Both men and women in Tinseltown knew about Weinstein; both men and women stayed silent. Dunham appears to believe men bear the responsibility because they had the power to speak out. Yet most men in Hollywood are like most of its women: powerless relative to a Weinstein. And few people have a taste for martyrdom.
Then there’s the hypocrisy. The Left claims men and women are “equal,” and, why, it’s condescending to even hold a door for a lady, you chauvinist pig! But then when it’s time to assign blame, it’s “Where were the white knights in shining armor?!”
As for the silence, an astute observer of liberal entities may channel Casablanca’s Captain Renault and say, “I’m shocked, shocked, to find out there’s perversion going on there!” After all, this is the situational-values set, the people who say Truth is relative, the crowd that wants no judgments in matters sexual. Did you ever wonder why?
It’s not your imagination that there’s more sexual impropriety among leftists (see Clinton et al.), as liberalism is both a cause and an effect of sin. What’s the connection?

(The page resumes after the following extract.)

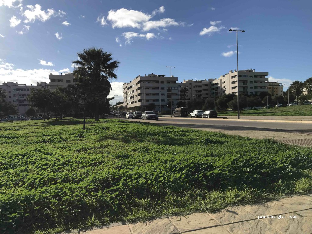 Asphalt/concrete parking with a slight slope, although there are other flat streets. It is a newly created area with green areas and children's games. Quiet and safe.
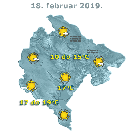 Danas će u napoj zemlji biti pretežno sunčano. Ujutru ili prijepodne, mjestimično po kotlinama magla i sumaglica. Vjetar slab do umjeren, promjenljivog smjera. Najviša dnevna temperatura vazduha 10 do 19 stepeni, najavili su iz Hidrometeorološkog zavoda Crne Gore.

Moral relativism — the notion that right and wrong is mere matter of perspective — characterizes liberalism, the Ideology of No Responsibility, of “whatever works for you.” People often embrace relativism to justify their misdeeds; after all, my wrongs can’t be wrong if there’s no objective right or wrong. Thus, the more vice-ridden people are, the more likely they are to glom on to relativism and, hence, its current correlative ideology, liberalism.
Of course, upon embracing a worldview that can justify anything, you’re even more likely to commit misdeeds. It’s a vicious circle yielding some very, very vicious people.